--- EXTRACTED ENTRIES ---
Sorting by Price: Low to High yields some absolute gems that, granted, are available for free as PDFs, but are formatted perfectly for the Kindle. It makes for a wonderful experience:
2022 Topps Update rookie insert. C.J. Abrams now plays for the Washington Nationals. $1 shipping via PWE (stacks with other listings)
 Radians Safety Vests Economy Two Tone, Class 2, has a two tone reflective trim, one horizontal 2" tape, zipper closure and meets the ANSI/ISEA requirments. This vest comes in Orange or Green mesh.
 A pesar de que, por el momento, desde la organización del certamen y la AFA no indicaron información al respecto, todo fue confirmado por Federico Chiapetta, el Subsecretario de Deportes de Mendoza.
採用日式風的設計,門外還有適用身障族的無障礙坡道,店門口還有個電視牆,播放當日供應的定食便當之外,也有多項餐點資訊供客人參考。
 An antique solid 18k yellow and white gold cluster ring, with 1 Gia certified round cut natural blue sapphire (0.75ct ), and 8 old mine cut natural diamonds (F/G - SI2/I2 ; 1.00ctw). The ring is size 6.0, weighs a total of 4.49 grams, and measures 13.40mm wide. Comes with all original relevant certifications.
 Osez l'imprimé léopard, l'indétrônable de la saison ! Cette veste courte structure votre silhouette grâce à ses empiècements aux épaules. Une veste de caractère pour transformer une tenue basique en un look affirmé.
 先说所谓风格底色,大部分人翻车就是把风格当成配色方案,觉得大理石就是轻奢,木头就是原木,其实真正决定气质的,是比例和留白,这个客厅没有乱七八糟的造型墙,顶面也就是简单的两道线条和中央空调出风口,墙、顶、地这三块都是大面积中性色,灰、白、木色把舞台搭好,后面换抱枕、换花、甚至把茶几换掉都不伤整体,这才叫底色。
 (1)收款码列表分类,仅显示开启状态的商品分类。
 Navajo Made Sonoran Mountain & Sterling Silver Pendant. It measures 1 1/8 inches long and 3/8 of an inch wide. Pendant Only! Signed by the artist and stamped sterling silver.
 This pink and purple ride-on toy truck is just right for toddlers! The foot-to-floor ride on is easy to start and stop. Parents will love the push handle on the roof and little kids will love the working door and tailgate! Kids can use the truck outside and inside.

--- EXERCISE ---
Output the full listing exactly as given.

--- SOLUTION ---
Sorting by Price: Low to High yields some absolute gems that, granted, are available for free as PDFs, but are formatted perfectly for the Kindle. It makes for a wonderful experience:
2022 Topps Update rookie insert. C.J. Abrams now plays for the Washington Nationals. $1 shipping via PWE (stacks with other listings)
 Radians Safety Vests Economy Two Tone, Class 2, has a two tone reflective trim, one horizontal 2" tape, zipper closure and meets the ANSI/ISEA requirments. This vest comes in Orange or Green mesh.
 A pesar de que, por el momento, desde la organización del certamen y la AFA no indicaron información al respecto, todo fue confirmado por Federico Chiapetta, el Subsecretario de Deportes de Mendoza.
採用日式風的設計,門外還有適用身障族的無障礙坡道,店門口還有個電視牆,播放當日供應的定食便當之外,也有多項餐點資訊供客人參考。
 An antique solid 18k yellow and white gold cluster ring, with 1 Gia certified round cut natural blue sapphire (0.75ct ), and 8 old mine cut natural diamonds (F/G - SI2/I2 ; 1.00ctw). The ring is size 6.0, weighs a total of 4.49 grams, and measures 13.40mm wide. Comes with all original relevant certifications.
 Osez l'imprimé léopard, l'indétrônable de la saison ! Cette veste courte structure votre silhouette grâce à ses empiècements aux épaules. Une veste de caractère pour transformer une tenue basique en un look affirmé.
 先说所谓风格底色,大部分人翻车就是把风格当成配色方案,觉得大理石就是轻奢,木头就是原木,其实真正决定气质的,是比例和留白,这个客厅没有乱七八糟的造型墙,顶面也就是简单的两道线条和中央空调出风口,墙、顶、地这三块都是大面积中性色,灰、白、木色把舞台搭好,后面换抱枕、换花、甚至把茶几换掉都不伤整体,这才叫底色。
 (1)收款码列表分类,仅显示开启状态的商品分类。
 Navajo Made Sonoran Mountain & Sterling Silver Pendant. It measures 1 1/8 inches long and 3/8 of an inch wide. Pendant Only! Signed by the artist and stamped sterling silver.
 This pink and purple ride-on toy truck is just right for toddlers! The foot-to-floor ride on is easy to start and stop. Parents will love the push handle on the roof and little kids will love the working door and tailgate! Kids can use the truck outside and inside.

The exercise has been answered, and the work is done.